Prerequisites: Have the necessary service permission.
Pro: No label selector sync is required.
Con: Annotations aren't persistent, so changes will overwrite the annotations. We support only the label selector.

  • Annotate existing pods (in CLI)

Prerequisites: None.
Pro: You can quickly test metric ingestion.
Con: Annotations aren't persistent, so changes will overwrite the annotations.

View metrics on a dashboard

Metrics from Prometheus exporters are available in the Data Explorer for custom charting. Select Create custom chart and select Try it out in the top banner. For more information, see Data explorer.

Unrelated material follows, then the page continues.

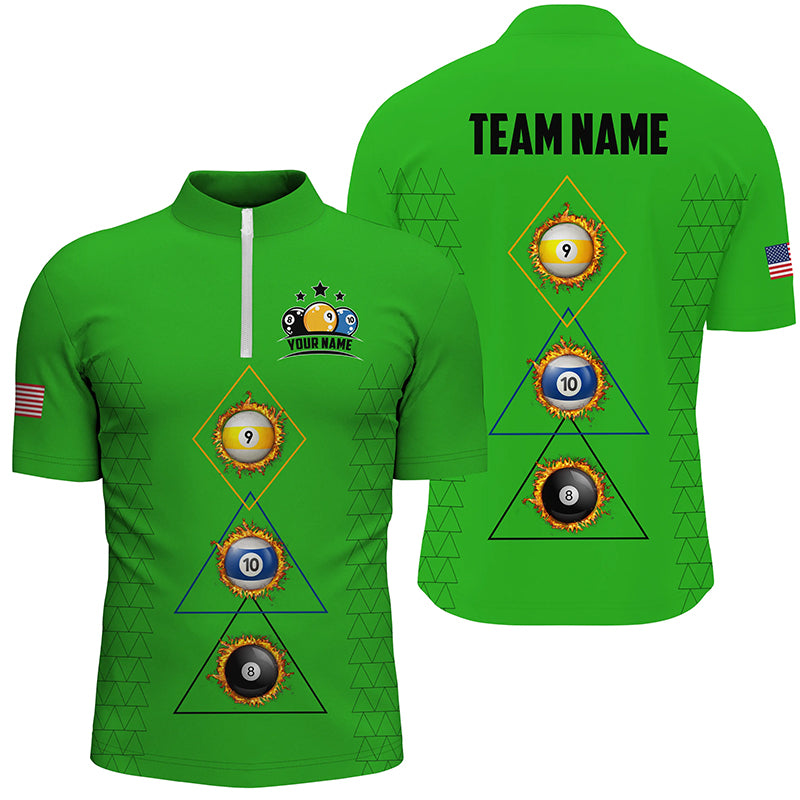 Customized Billiard 8 Ball 9 & Ball 10 Ball Shirts For Men, Unique Team Jersey Green Billiard Shirt TDM2255

You can simply search for metric keys of all available metrics and define how you’d like to analyze and chart your metrics. After that you can pin your charts on a dashboard.

Metric alerts

You can also create custom alerts based on the Prometheus scraped metrics. From the navigation menu, select Settings > Anomaly detection > Custom events for alerting and select Create custom event for alerting. In the Create custom event for alerting page, search for a Prometheus metric using its key and define your alert. For more information, see Metric events for alerting.

Limitations

The current limitations of the Prometheus metrics integration are as follows:

  • This integration supports only the counter and gauge Prometheus metric types.
  • If you run multiple exporters in a pod, you need to set the metrics.dynatrace.com/port annotation to direct Dynatrace to the one it should use.
  • This integration supports up to 1,000 pods with 200 metric data points each per minute.

Monitoring consumption

Prometheus metrics in Kubernetes environments are subject to DDU consumption.

  • Prometheus metrics from exporters that run on OneAgent-monitored hosts are first deducted from your quota of included metrics per host unit. Once this quota is exceeded, the remaining metrics consume DDUs.
  • Prometheus metrics from exporters that run on hosts that aren't monitored by OneAgent always consume DDUs.